EXERCISE OBJECTIVE: Print the lines that start the entries and continue through the one holding "地区民文化祭では様々な世代が日々の練習の成果を発表します", please, exactly and with the pictures omitted.

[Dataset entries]
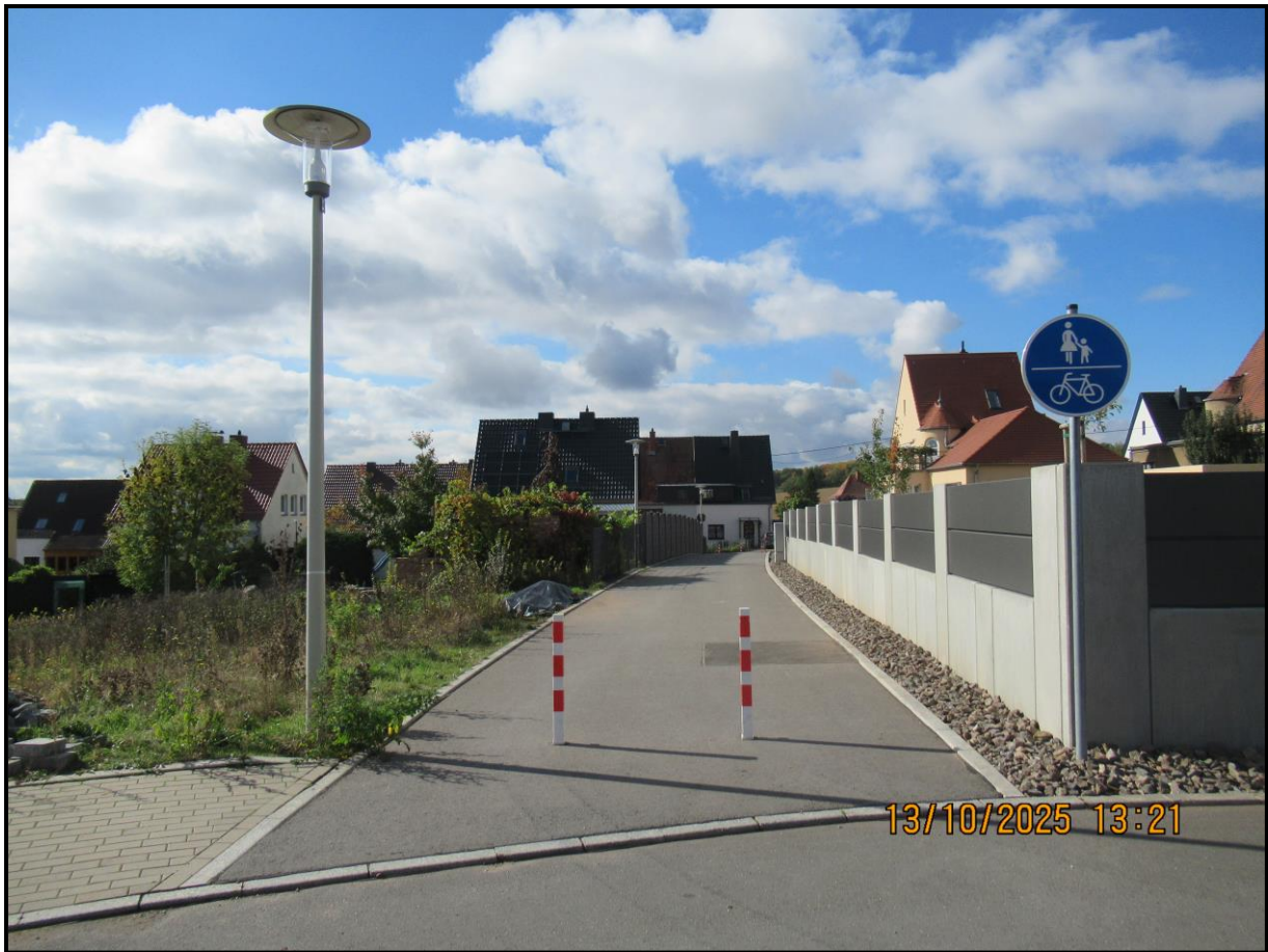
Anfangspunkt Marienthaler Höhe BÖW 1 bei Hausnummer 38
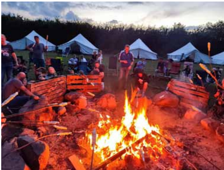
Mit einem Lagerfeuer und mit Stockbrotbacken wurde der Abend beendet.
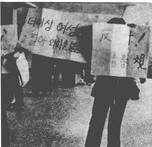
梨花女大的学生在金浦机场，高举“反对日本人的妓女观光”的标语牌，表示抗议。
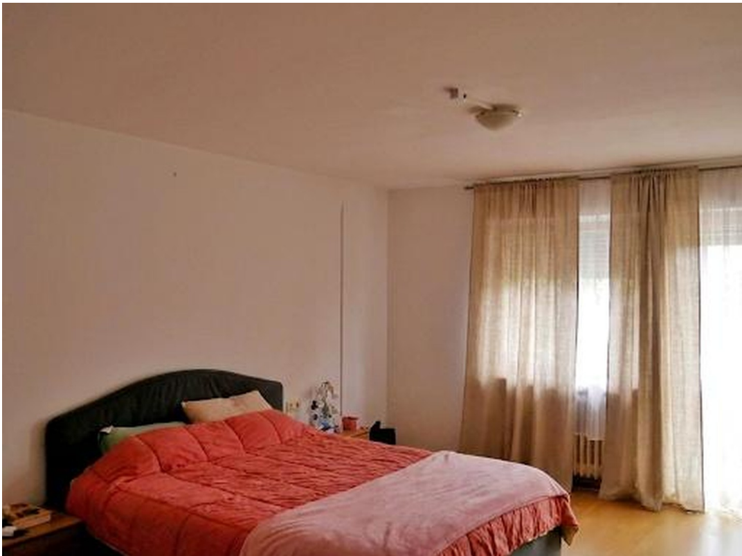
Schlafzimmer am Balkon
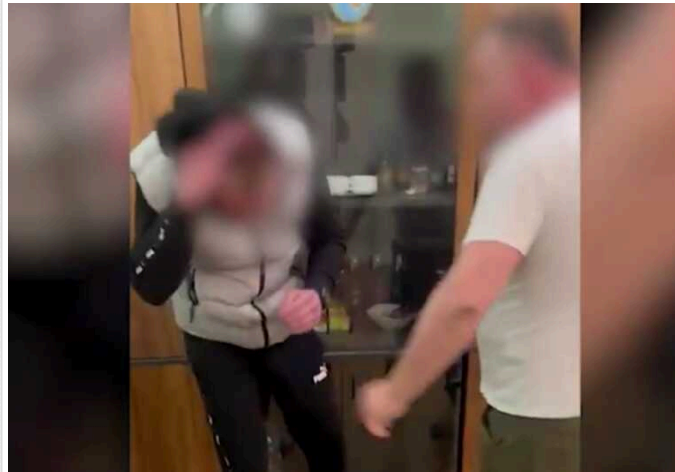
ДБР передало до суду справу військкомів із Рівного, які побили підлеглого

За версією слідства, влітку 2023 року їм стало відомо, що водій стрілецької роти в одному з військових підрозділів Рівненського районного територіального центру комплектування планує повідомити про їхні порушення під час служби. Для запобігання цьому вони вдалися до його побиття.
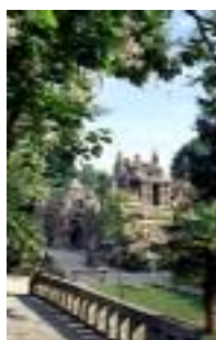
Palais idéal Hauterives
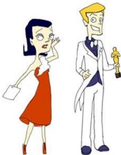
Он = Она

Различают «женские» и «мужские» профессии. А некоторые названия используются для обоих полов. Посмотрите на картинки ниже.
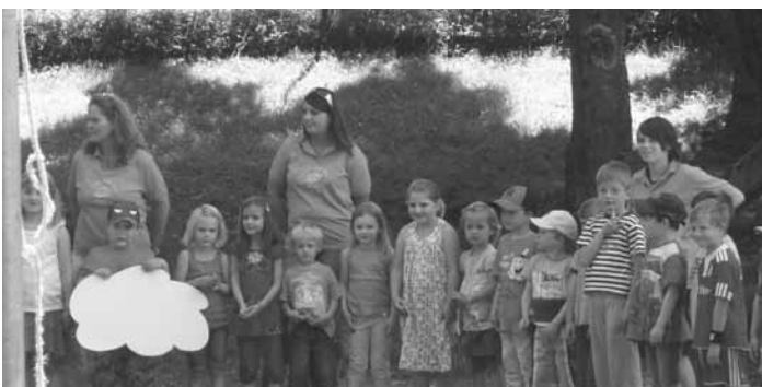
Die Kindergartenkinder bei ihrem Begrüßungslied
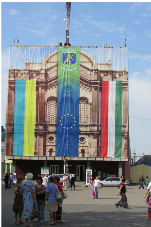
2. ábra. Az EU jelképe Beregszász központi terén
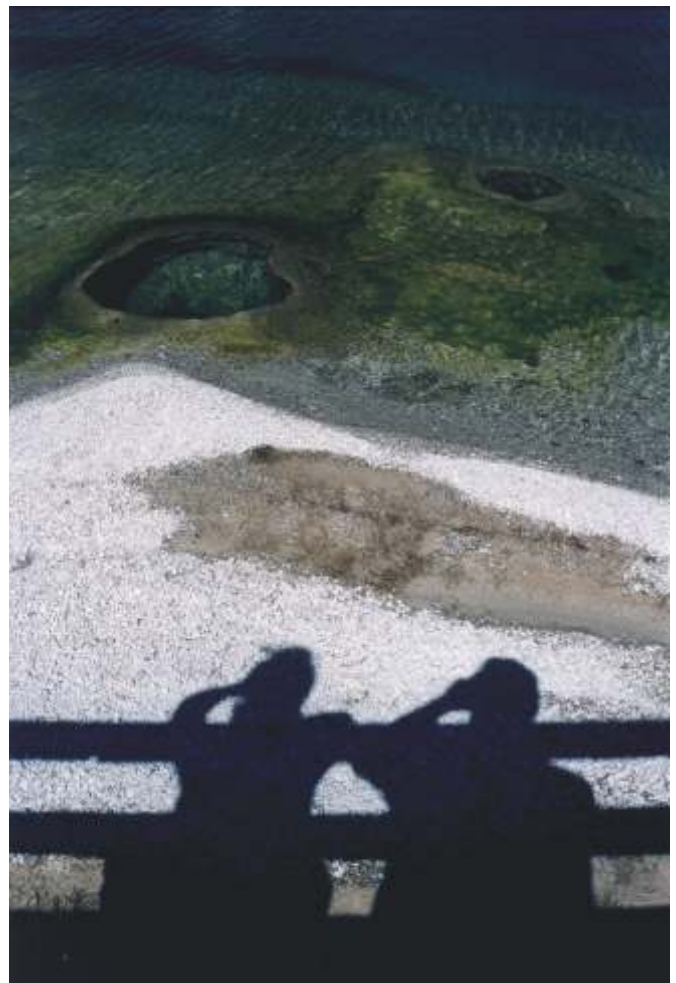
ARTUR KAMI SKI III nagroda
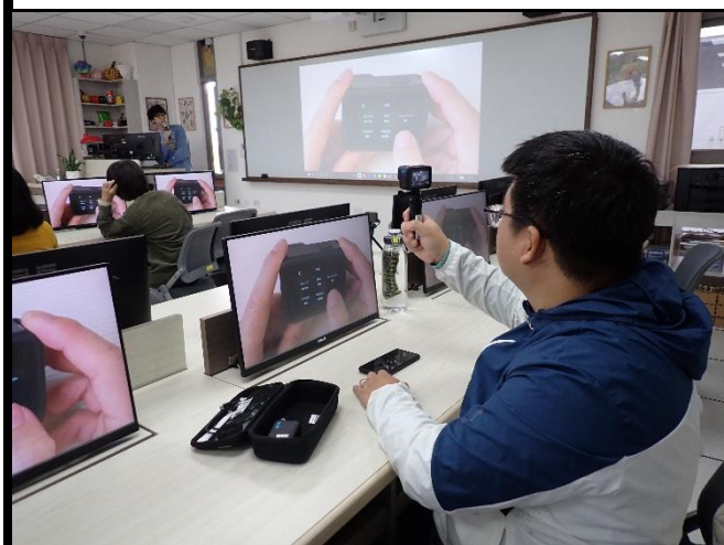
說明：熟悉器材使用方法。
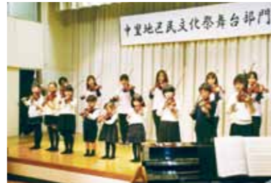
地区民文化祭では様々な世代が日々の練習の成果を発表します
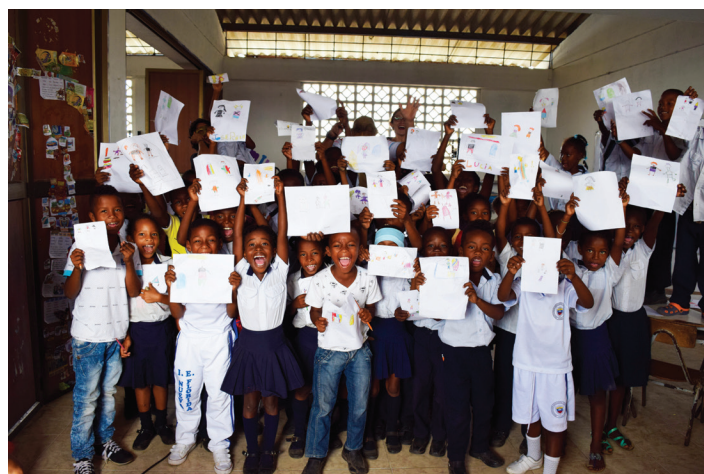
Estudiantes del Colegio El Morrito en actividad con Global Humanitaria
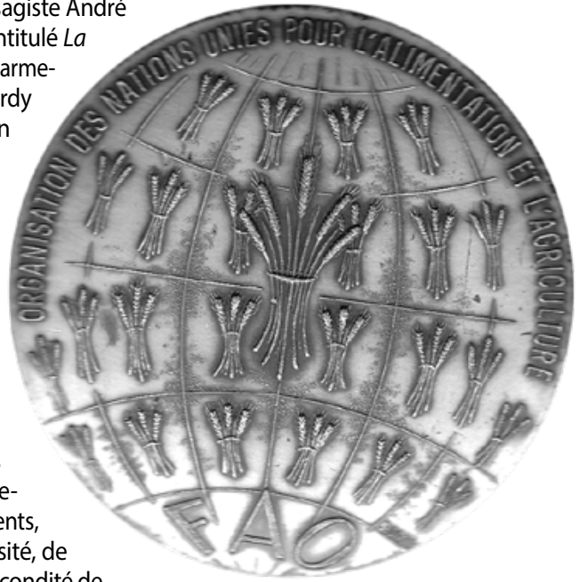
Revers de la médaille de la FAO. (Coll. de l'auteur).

RESPONSE:
Anfangspunkt Marienthaler Höhe BÖW 1 bei Hausnummer 38
Mit einem Lagerfeuer und mit Stockbrotbacken wurde der Abend beendet.
梨花女大的学生在金浦机场，高举“反对日本人的妓女观光”的标语牌，表示抗议。
Schlafzimmer am Balkon
ДБР передало до суду справу військкомів із Рівного, які побили підлеглого

За версією слідства, влітку 2023 року їм стало відомо, що водій стрілецької роти в одному з військових підрозділів Рівненського районного територіального центру комплектування планує повідомити про їхні порушення під час служби. Для запобігання цьому вони вдалися до його побиття.
Palais idéal Hauterives
Он = Она

Различают «женские» и «мужские» профессии. А некоторые названия используются для обоих полов. Посмотрите на картинки ниже.
Die Kindergartenkinder bei ihrem Begrüßungslied
2. ábra. Az EU jelképe Beregszász központi terén
ARTUR KAMI SKI III nagroda
說明：熟悉器材使用方法。
地区民文化祭では様々な世代が日々の練習の成果を発表します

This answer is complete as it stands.